Vested 25% on February 23, 2011 and thereafter 6.25% vested / will vest in 12 equal quarterly installments with the first such installment vesting on June 30, 2011.
Pursuant to the Agreement and Plan of Merger dated September 17, 2012 by and among Danaher Corporation, Daphne Acquisition Corporation and IRIS International, Inc. (the "Merger Agreement"), this option vested in full and was cancelled in the merger in exchange for a cash amount equal to the number of shares underlying this option multiplied by the difference between the per share merger consideration of $19.50 and the per share exercise price of this option.

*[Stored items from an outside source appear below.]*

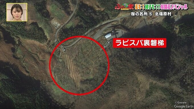 航空写真で見てみると、温泉施設「ラビスパ裏磐梯(うらばんだい)」の隣に規則正しく並ぶ木々が!
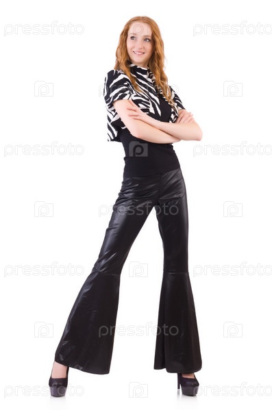 Рыжая женщина в черных клешах
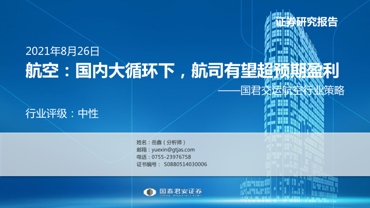 【国泰君安证券】【20210826】航空:国内大循环下,航司有望超预期盈利-22页
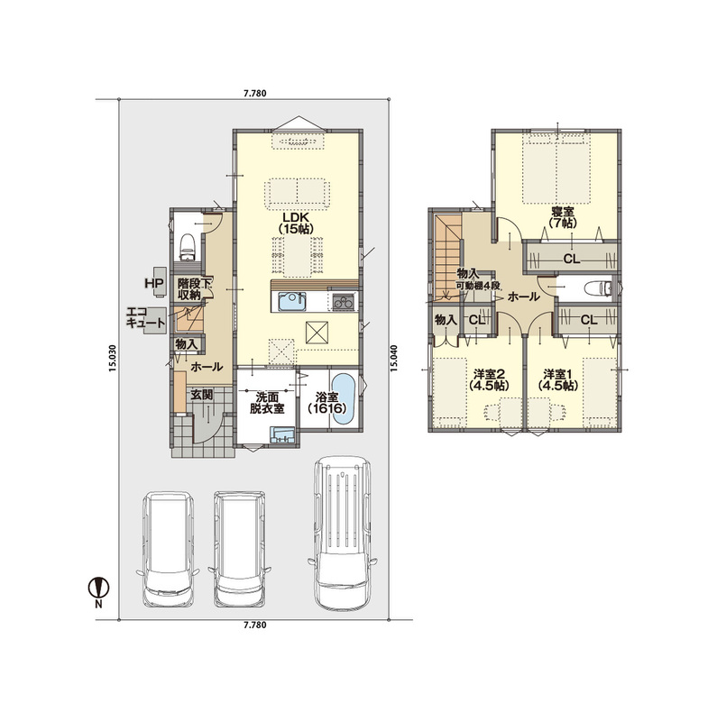 | 駐車場 | 3台 | 道路の幅員 | 北側6.0m |
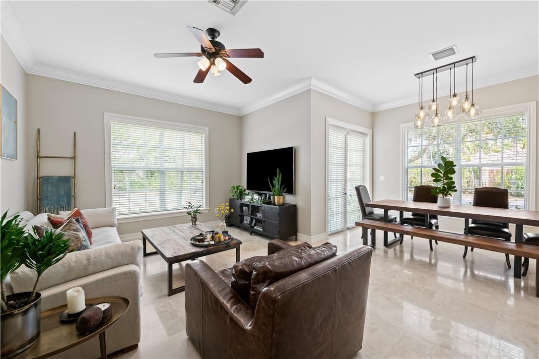 Live in what feels like a single-family home without the maintenance. Welcome to Jamestown Square Located in Lake Ridge, an immaculate corner townhome built in 2007 with over 2,000 SF, features 3 bedrooms, 2.5 bathrooms, and a 2-car garage. The bright open floor plan & volume ceilings are conducive to today's lifestyle, with your kitchen, living room, and dining all in one ample space with polished and Travertine Marble floors. Upstairs is covered in Real Acacia Walnut hand-scraped hardwood floors where your three bedrooms are; The primary suite is more than a generous size with two walk-in closets. Just a quick 5-minute drive to Fort Lauderdale Beach, the famous Las Olas Blvd, and Downtown.
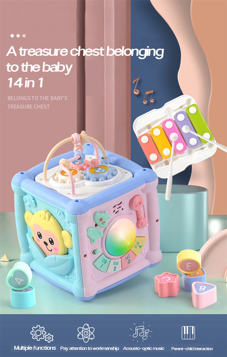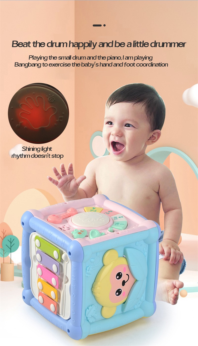 Kinderpflegeprodukte > Akustische übung > Lustige Babyspielzeuge, Lichter, Musikgeschichten, Hand geklatschte Trommeln, Kinder 14 in 1-Gesicht-Trommler, spielen Klavier und klatschen die Trommeln
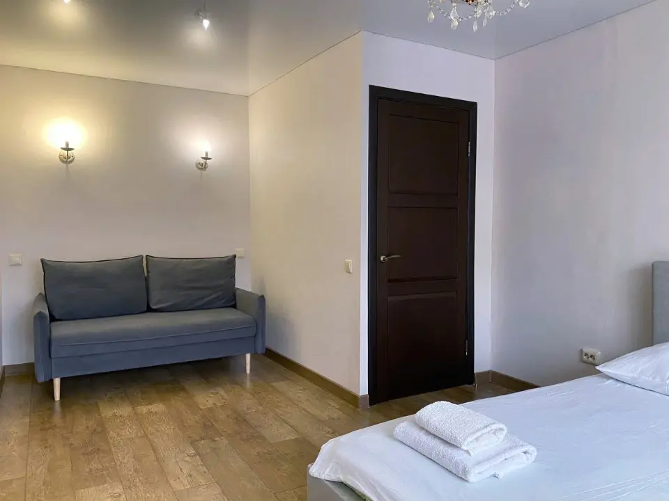 Основной зоной является спальня с двуспальной кроватью, аккуратно застеленной свежим постельным бельем, и мягким диваном, который отлично подойдет для отдыха. В интерьере преобладают светлые тона, что создает ощущение простора и уюта. Просторные окна обеспечивают хорошую естественную освещенность.
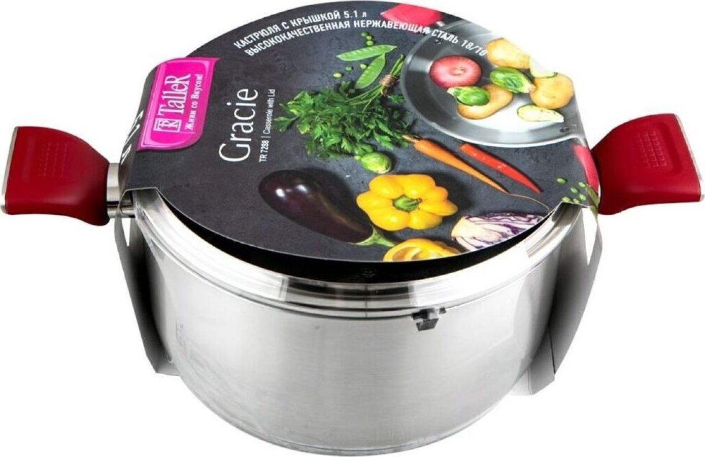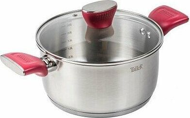 Кастрюля "Грейси" с крышкой 20 см, 3,0 л Толщина стенки — 0,5 мм. Толщина дна 4.0 мм. Крышка из жаропрочного стекла со стальным ободом и отверстием для выхода пара. Бакелитовые ручки. Есть отметки литража. Рекомендации: нельзя использовать в духовом шкафу
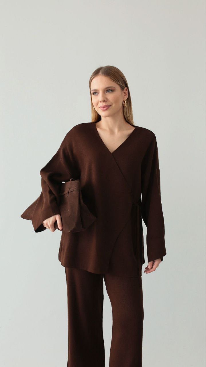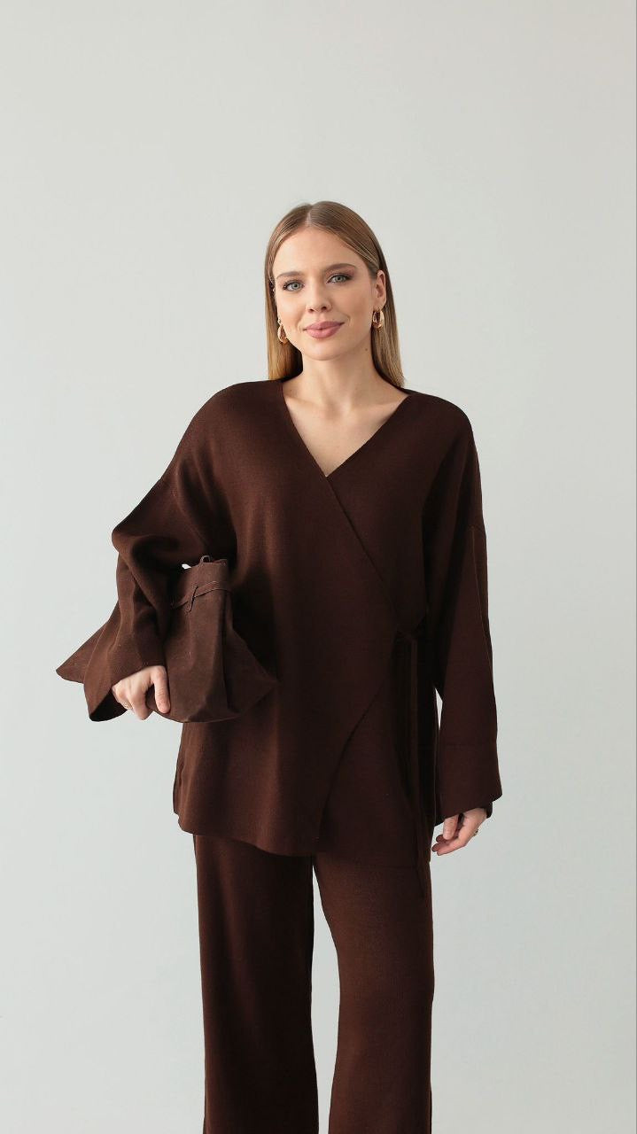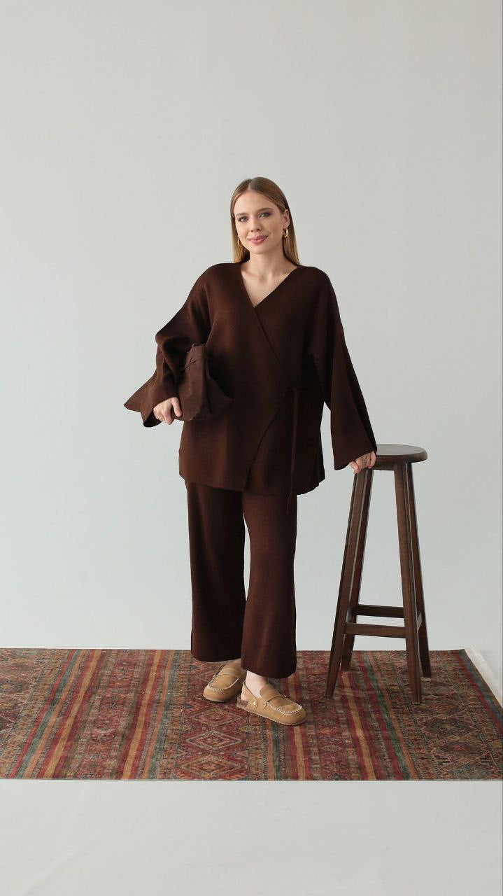 طقم بلوزة ربط مع بنطلون بني - KP1443
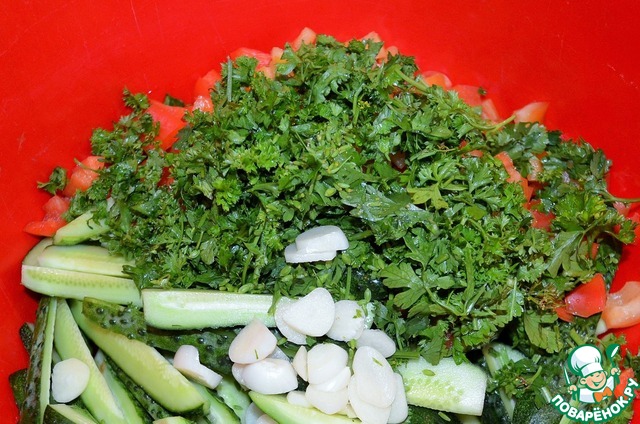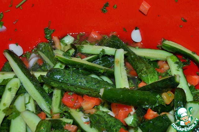 Овощи просолились, дали сок - самое время влить масло и перемешать.
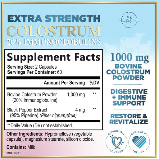 Hello Lovely!Discover the best colostrum supplement for women and men - Hello Lovely! Colostrum 1000mg with 20% Immunoglobulins. These premium colostrum powder ...
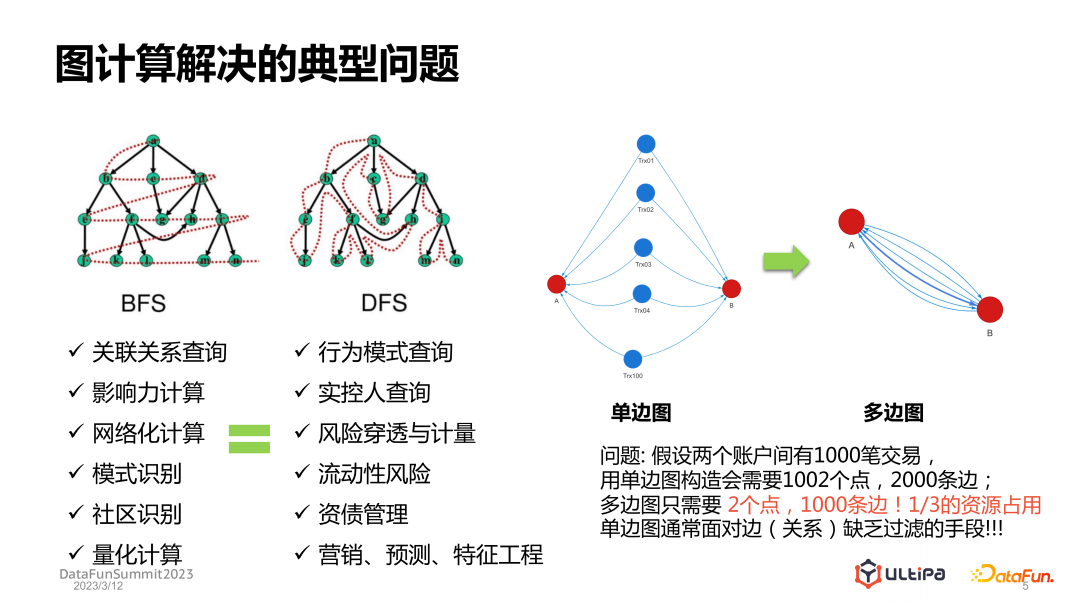 例如:要为两个账户以及他们之间的一千笔转账交易关系构图。就存在两种解决方案。一种是将账户与转账都设计为节点,构建成一个包含 1002 个节点、2000 条边的异构单边图。而另一种则是构建成一个包含 2 个节点和 1000 条边的同构多边图。其中,单边图往往在边的过滤能力上存在局限,且计算复杂度也会更高。
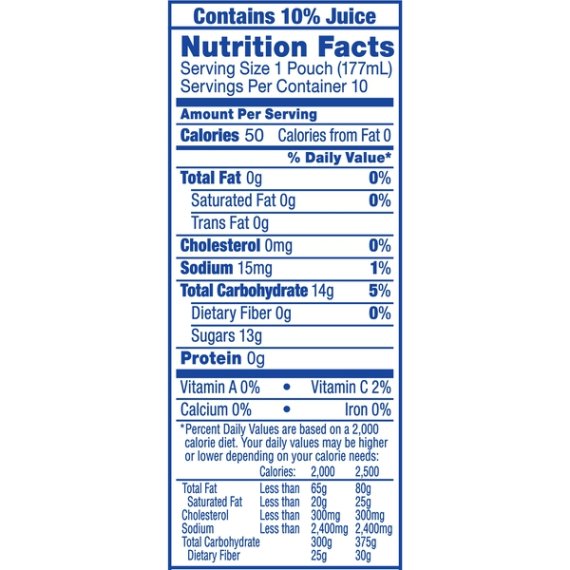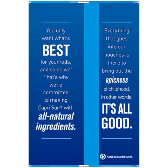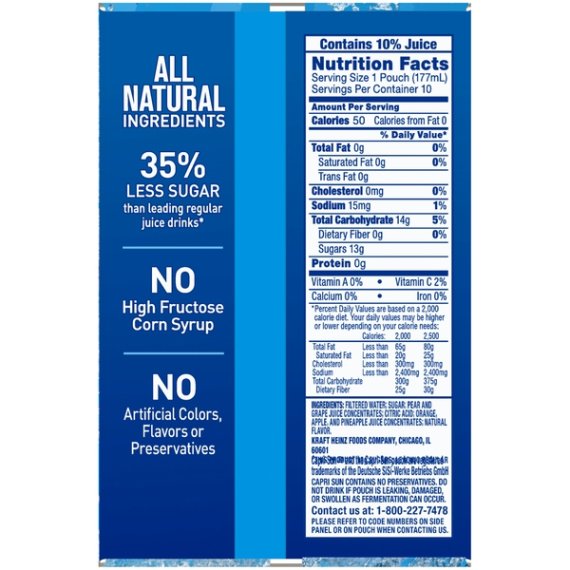 Details Ingredients Fruit Punch Ingredients: Filtered Water; Sugar; Pear And Grape Juice Concentrates; Citric Acid; Orange, Apple, And Pineapple Juice Concentrates; Natural Flavor. Show more Product features Capri Sun Fruit Punch Flavored Juice Drink Blend offers an all natural drink option conveniently packaged for portability. Each pouch of ready to drink fruit punch for kids captures the sweet, juicy flavor of oranges, pineapples, apples, and other fruits in a kid-friendly drink. These kids fruit punch drink pouches contain no artificial colors, flavors, preservatives or high fructose corn syrup. Thats what makes Capri Sun as epic as the kids who drink it. Each fruit punch single serve pouch contains 35% less sugar than leading regular juice drinks (this product 13 grams of sugars; leading regular juice drinks 22 grams of sugars per 6 fluid ounce serving). This thirst-quenching drink for kids comes in individual pouches with attached straws for convenience. The 10 count box of fruit punch pouches doubles as an easy-open fridge pack to keep things organized. One 10 ct. box of Capri Sun Fruit Punch Flavored Juice Drink Blend Capri Sun Fruit Punch Juice Drink Blend delivers fun refreshment with all natural ingredients Ready to drink beverage offers a convenient way to hydrate Intense fruit punch taste from natural flavors appeals to kids Contains no high fructose corn syrup and no artificial colors, flavors or preservatives Contains 35% less sugar than leading regular juice drinks Packed in individual pouches with straws for portability Special Features Low Sugar Net Quantity of Content 10.0 X 1 pouch (177 mL)

Each restricted stock unit represents a contingent right to receive one share of IRIS International, Inc. common stock.
Pursuant to the Merger Agreement, these performance restricted stock units, which were granted on February 27, 2012 and were subject to performance-based and time-based vesting, vested in full at the target level of performance and were cancelled in the merger in exchange for a cash amount equal to the number of shares underlying the performance restricted stock units multiplied by the per share merger consideration of $19.50.
Pursuant to the Merger Agreement, these restricted stock units vested in full and were cancelled in the merger in exchange for a cash amount equal to the number of shares underlying the restricted stock units multiplied by the per share merger consideration of $19.50.